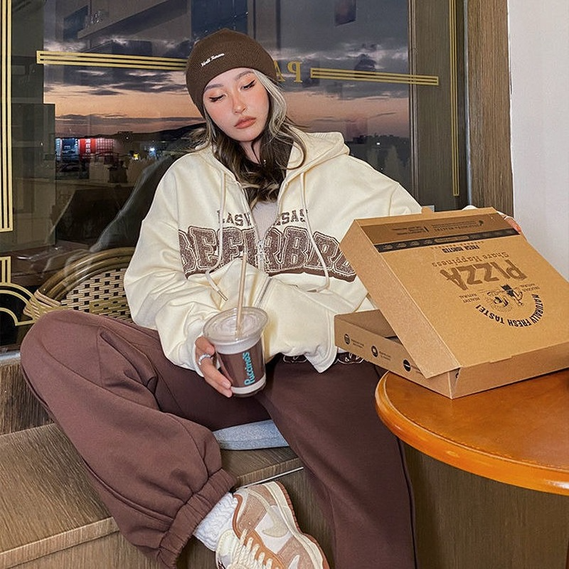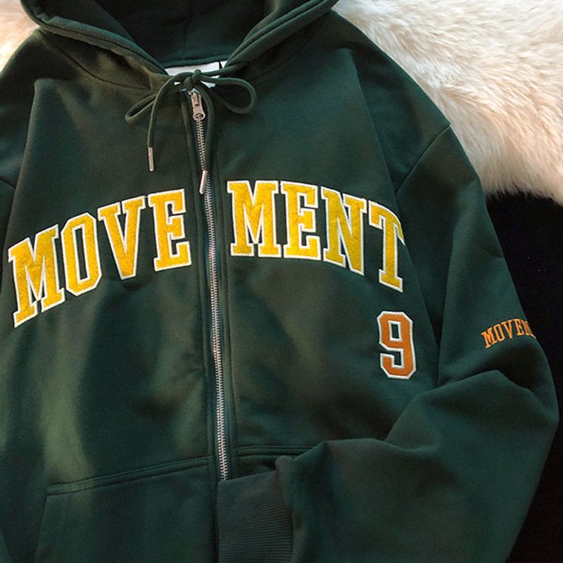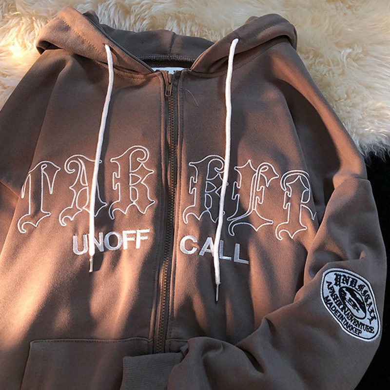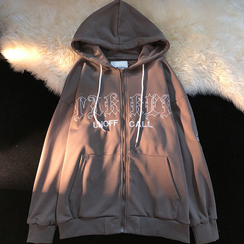 Purpdrank - Women Retro Letter Print Hoodies Y2K Autumn Harajuku Long Sleeve Hooded Sweatshirt Female Gothic Zip Up Oversized Hoodie Jacket
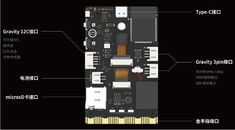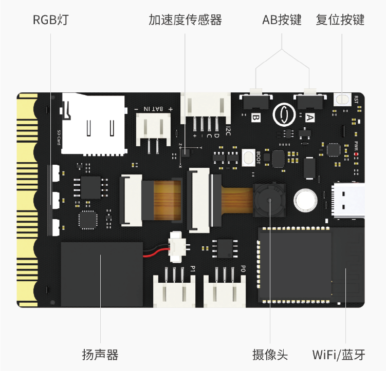 它集相機、LCD彩色螢幕、麥克風、揚聲器、WiFi藍牙模組、RGB指示燈及多種感測器和擴充介面於一體,
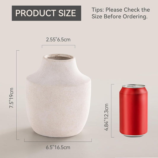 Mitt&Ditt Ceramic Flower Vase, 7.5 inch Off-White Farmhouse Rustic Vase, Handcrafted Weathered Pottery Vases, Small Flower Terracotta Vases for Home Decor, Living Room, Table, Shelf
···
▶ [Exercise objective]: Could you reproduce the listing above word for word while leaving out its pictures?

▶ [Solution for this task]:
 Purpdrank - Women Retro Letter Print Hoodies Y2K Autumn Harajuku Long Sleeve Hooded Sweatshirt Female Gothic Zip Up Oversized Hoodie Jacket
 它集相機、LCD彩色螢幕、麥克風、揚聲器、WiFi藍牙模組、RGB指示燈及多種感測器和擴充介面於一體,
 Mitt&Ditt Ceramic Flower Vase, 7.5 inch Off-White Farmhouse Rustic Vase, Handcrafted Weathered Pottery Vases, Small Flower Terracotta Vases for Home Decor, Living Room, Table, Shelf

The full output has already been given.